Except for the images, repeat the entries below word for word.

--- START ---

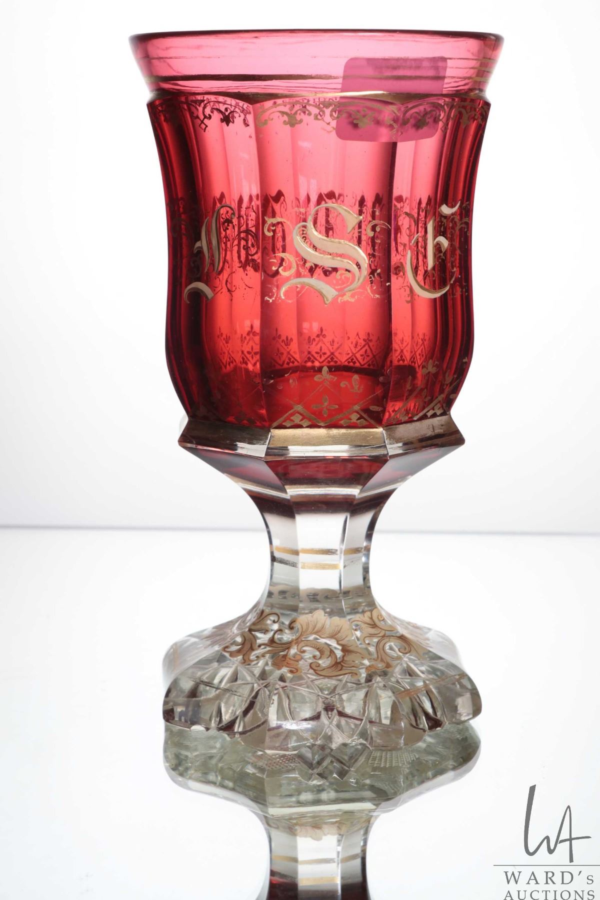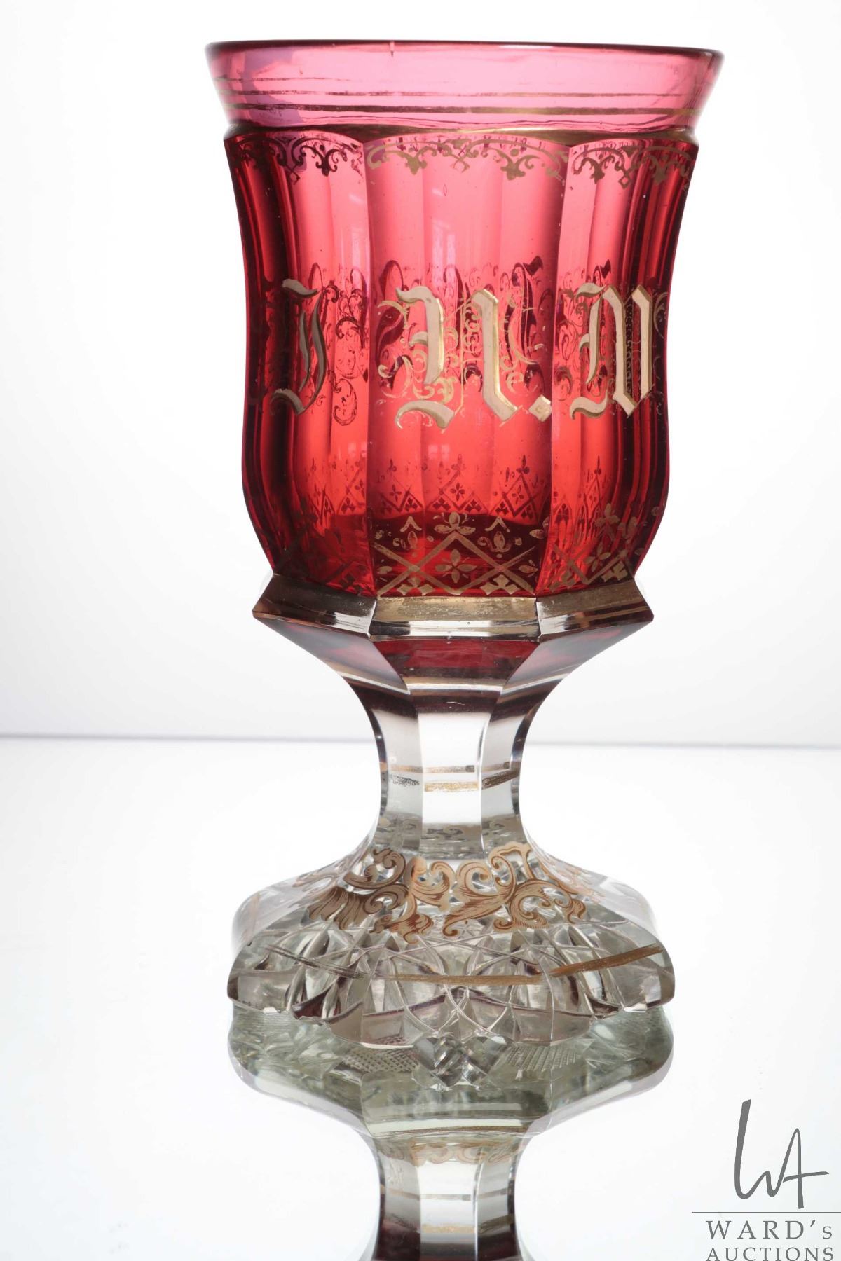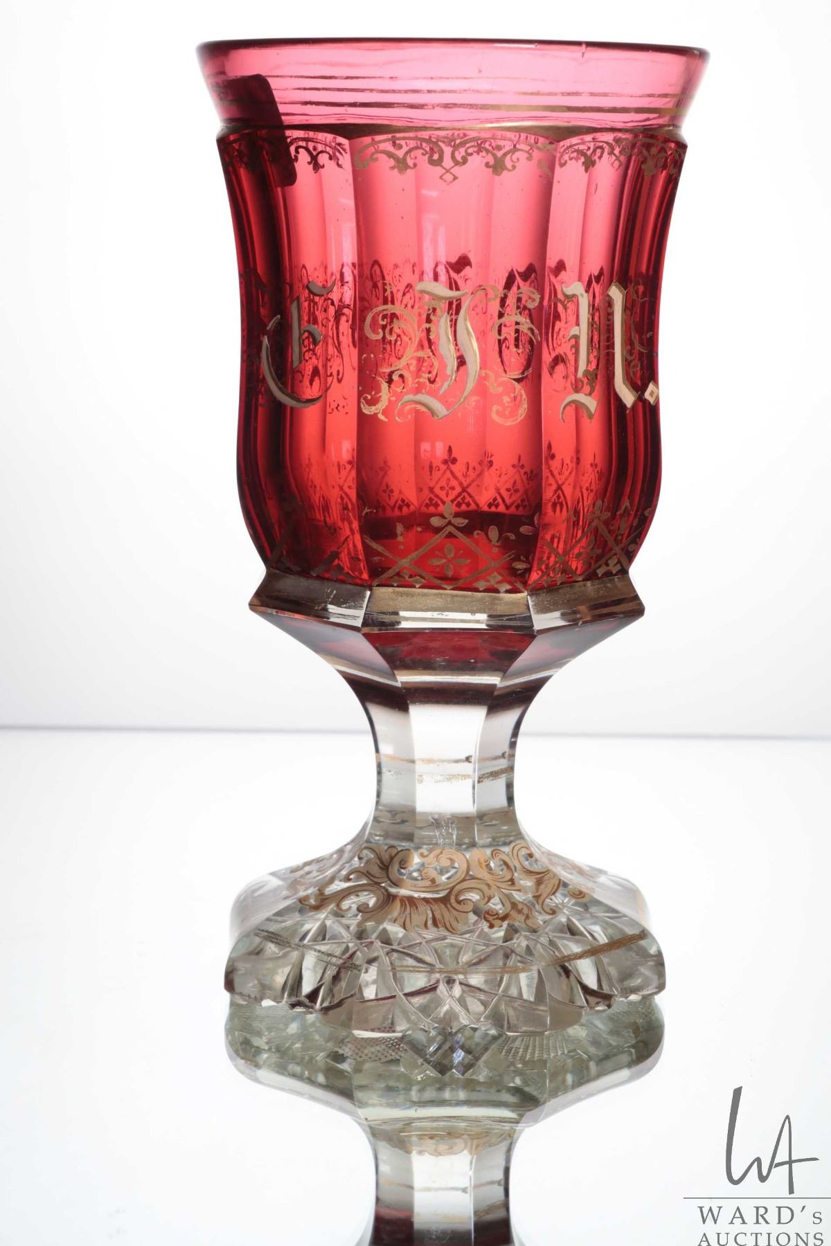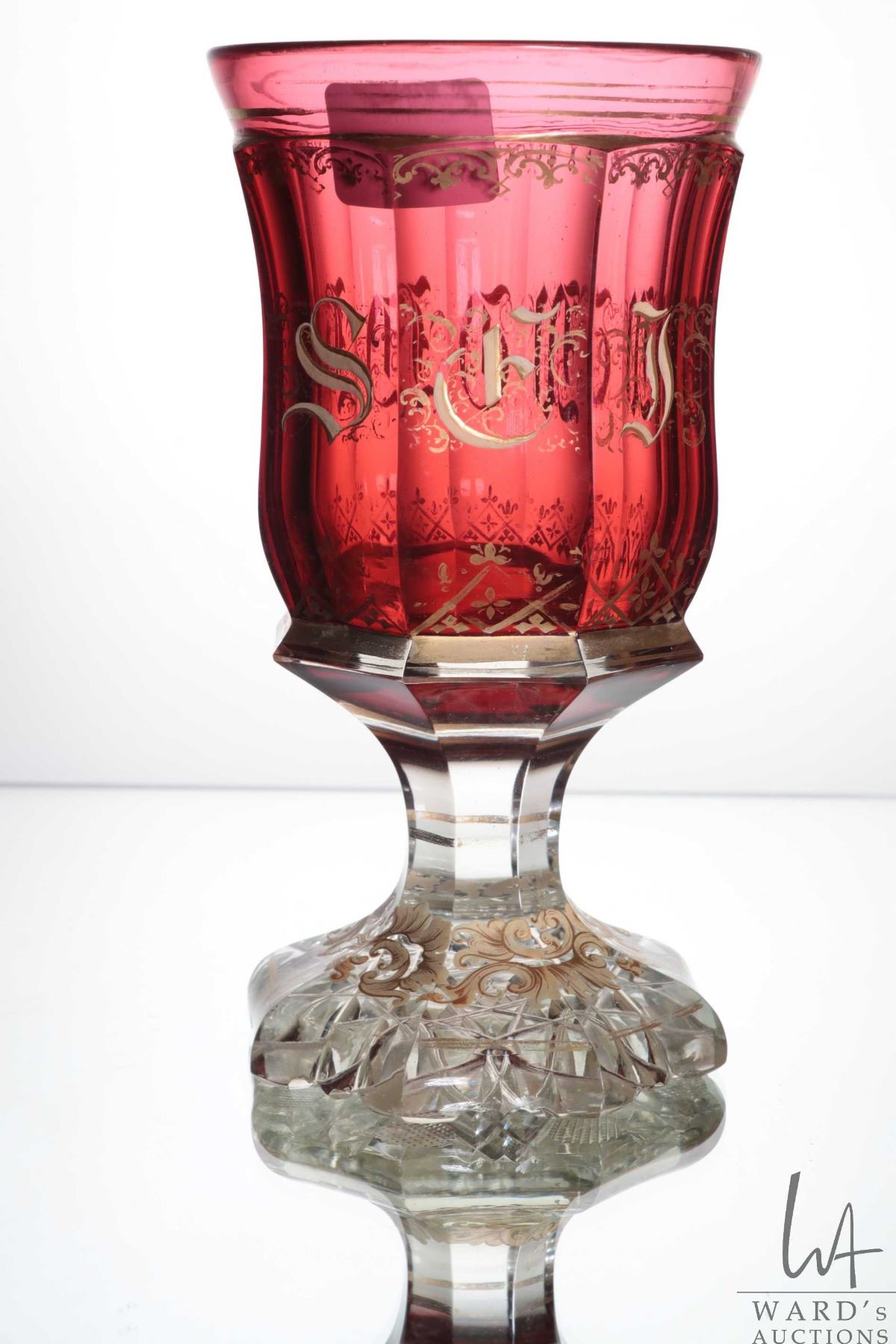 Antique Bohemian Fredreich Ergermann crystal goblet with cranberry glass bowl, clear stem and wheel carved crystal under base, hand painted gold overlay lettering and decoration, circa mid 1800's, 16.5cm in height
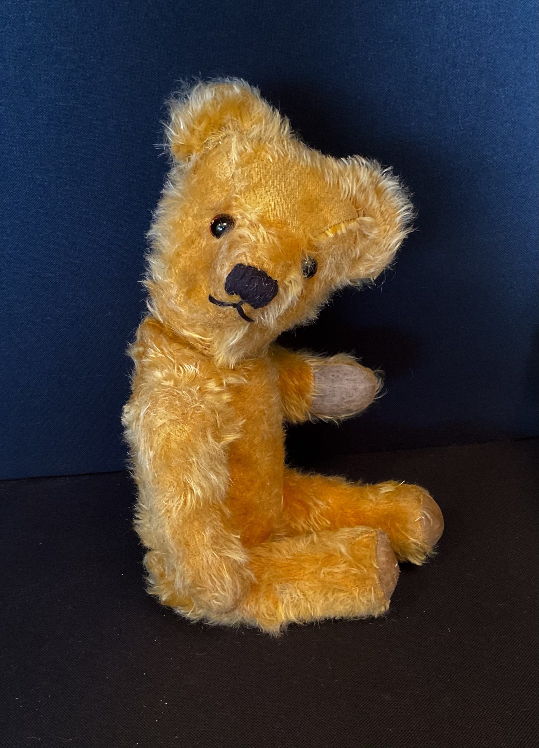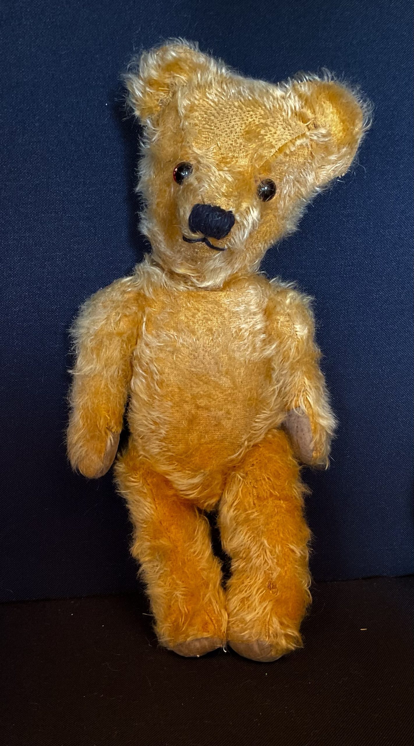 Judy Sweet Judy is an English mohair bear from the 1940/50s. She has had a new nosy growler fitted as hers was broken. Fully jointed with glass eyes and her original cotton pads. Stands at aprox 38cm/15in
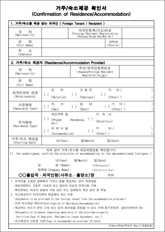 - 거주숙소제공확인서 작성 후 회사명의 임대 기숙사일 경우 임대차계약서 등을 함께 준비해줍니다.
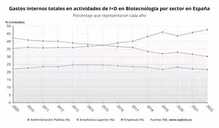 El gasto en I+D en biotecnología aumentó un 13% en 2022 y alcanzó los 2.565 millones. En las emprsas esta partida creció en 17,8% hasta los 1.224 (el 47,7% del total), según datos del Instituto de Estadística (INE).
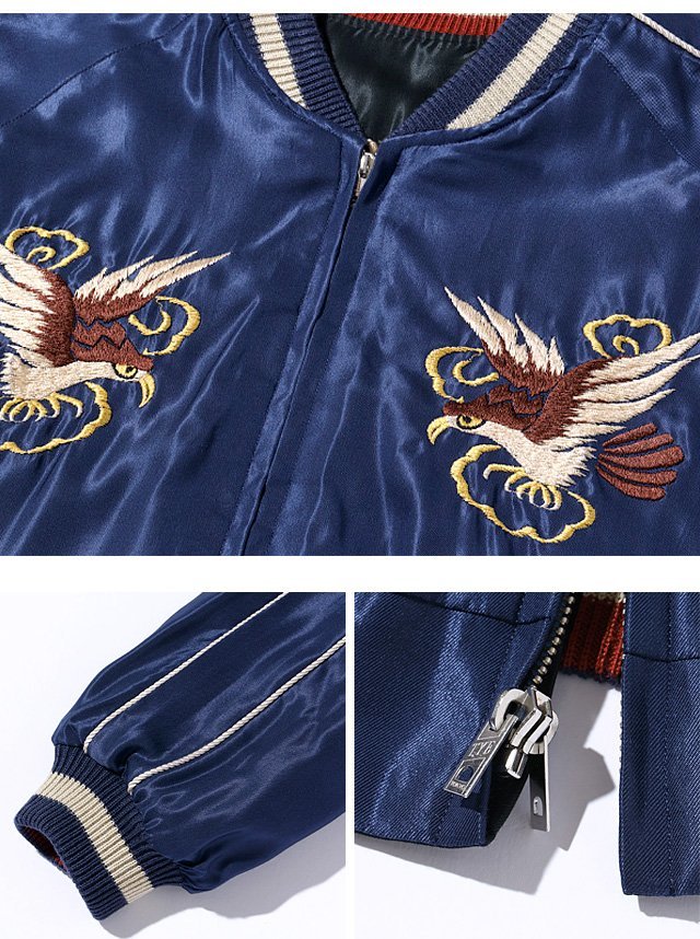 探求心と情熱を持って、上質なアイテムを製作し続けている「テーラー東洋」から、Early 1950s Style アセテートリバーシブルスカジャン「DRAGON HEAD×ROARING TIGER」(TT15491-128)のご紹介です。 2024年の干支である龍に因み、数あるヴィンテージスカジャンの中から選り抜いた龍の刺繍を復刻する辰年コレクションが登場しました! 表面は龍の頭部のみを細部まで描写した通称「ドラゴンヘッド」と呼ばれる絵柄。 近年新たに発見した1950年代前期の作品をもとにしており、テーラー東洋での復刻も初となります。 淡いグリーンの龍の顔や朱色がかった炎などは、当時の日本ならではの刺繍糸の色味。 身頃も袖下も紺で統一されたネイビー単色のボディ、白1色のロープパイピング(通常は2色で撚っているもの)など、ヴィンテージを細部まで再現しました。 リバーシブル面は竹林の中で猛々しく吼える虎の絵柄。 「竹と虎」は古来から取り合わせが良いとされスカジャンのモチーフとしても度々描かれてきたが、本作のように竹がクロスした構図は他に類を見ません。 ブラックのボディに映える赤い笹の葉が印象的だが、虎の刺繍をよく見ると前足の輪郭や黒い縞模様にも部分的に赤い色糸を使い、迫力を強調していることがわかります。 スーベニアジャケットのなかで最もスタンダードな両面にアセテート生地を使ったリバーシブルタイプ。 戦後当時のスカジャンには、シルクに似た高級感を持つ物資統制外品目のアセテートが使われていました。 中綿がないため季節を問わず着用でき、独特なドレープ感も魅力といえます。 1枚持っているだけでずっと使えるアイテムです。  | ||||||||||||||||||||
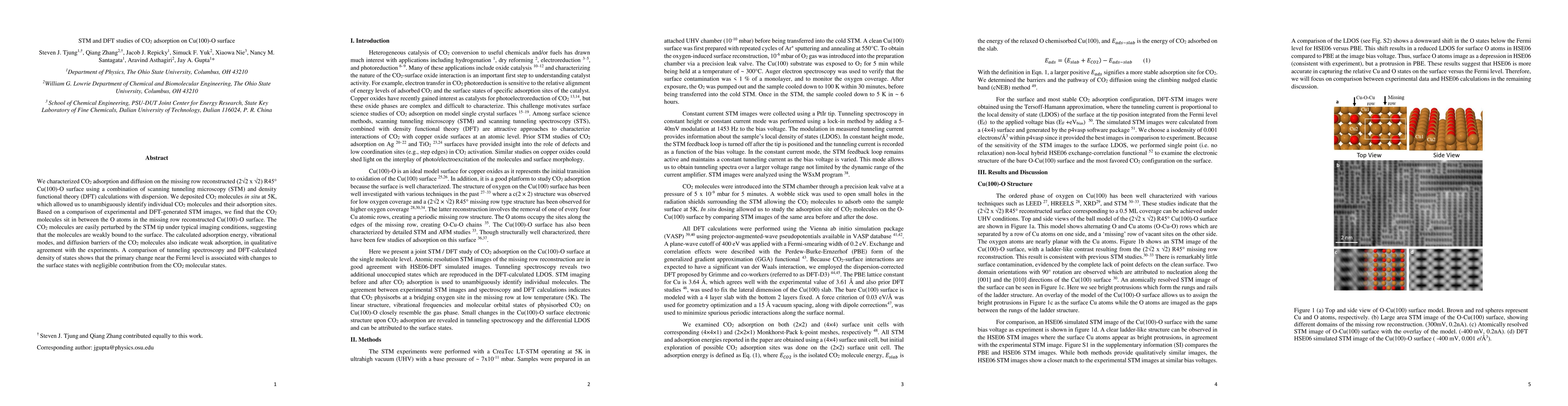 This study combines STM and DFT to investigate CO2 adsorption on Cu(100)-O surface, finding that CO2 molecules weakly bind between O atoms in the missing row reconstruction, with minimal impact on the surface electronic states. The weak adsorption is confirmed by both experimental observations and theoretical calculations.

--- END ---

• _Your response_
 Antique Bohemian Fredreich Ergermann crystal goblet with cranberry glass bowl, clear stem and wheel carved crystal under base, hand painted gold overlay lettering and decoration, circa mid 1800's, 16.5cm in height
 Judy Sweet Judy is an English mohair bear from the 1940/50s. She has had a new nosy growler fitted as hers was broken. Fully jointed with glass eyes and her original cotton pads. Stands at aprox 38cm/15in
 - 거주숙소제공확인서 작성 후 회사명의 임대 기숙사일 경우 임대차계약서 등을 함께 준비해줍니다.
 El gasto en I+D en biotecnología aumentó un 13% en 2022 y alcanzó los 2.565 millones. En las emprsas esta partida creció en 17,8% hasta los 1.224 (el 47,7% del total), según datos del Instituto de Estadística (INE).
 探求心と情熱を持って、上質なアイテムを製作し続けている「テーラー東洋」から、Early 1950s Style アセテートリバーシブルスカジャン「DRAGON HEAD×ROARING TIGER」(TT15491-128)のご紹介です。 2024年の干支である龍に因み、数あるヴィンテージスカジャンの中から選り抜いた龍の刺繍を復刻する辰年コレクションが登場しました! 表面は龍の頭部のみを細部まで描写した通称「ドラゴンヘッド」と呼ばれる絵柄。 近年新たに発見した1950年代前期の作品をもとにしており、テーラー東洋での復刻も初となります。 淡いグリーンの龍の顔や朱色がかった炎などは、当時の日本ならではの刺繍糸の色味。 身頃も袖下も紺で統一されたネイビー単色のボディ、白1色のロープパイピング(通常は2色で撚っているもの)など、ヴィンテージを細部まで再現しました。 リバーシブル面は竹林の中で猛々しく吼える虎の絵柄。 「竹と虎」は古来から取り合わせが良いとされスカジャンのモチーフとしても度々描かれてきたが、本作のように竹がクロスした構図は他に類を見ません。 ブラックのボディに映える赤い笹の葉が印象的だが、虎の刺繍をよく見ると前足の輪郭や黒い縞模様にも部分的に赤い色糸を使い、迫力を強調していることがわかります。 スーベニアジャケットのなかで最もスタンダードな両面にアセテート生地を使ったリバーシブルタイプ。 戦後当時のスカジャンには、シルクに似た高級感を持つ物資統制外品目のアセテートが使われていました。 中綿がないため季節を問わず着用でき、独特なドレープ感も魅力といえます。 1枚持っているだけでずっと使えるアイテムです。  | ||||||||||||||||||||
 This study combines STM and DFT to investigate CO2 adsorption on Cu(100)-O surface, finding that CO2 molecules weakly bind between O atoms in the missing row reconstruction, with minimal impact on the surface electronic states. The weak adsorption is confirmed by both experimental observations and theoretical calculations.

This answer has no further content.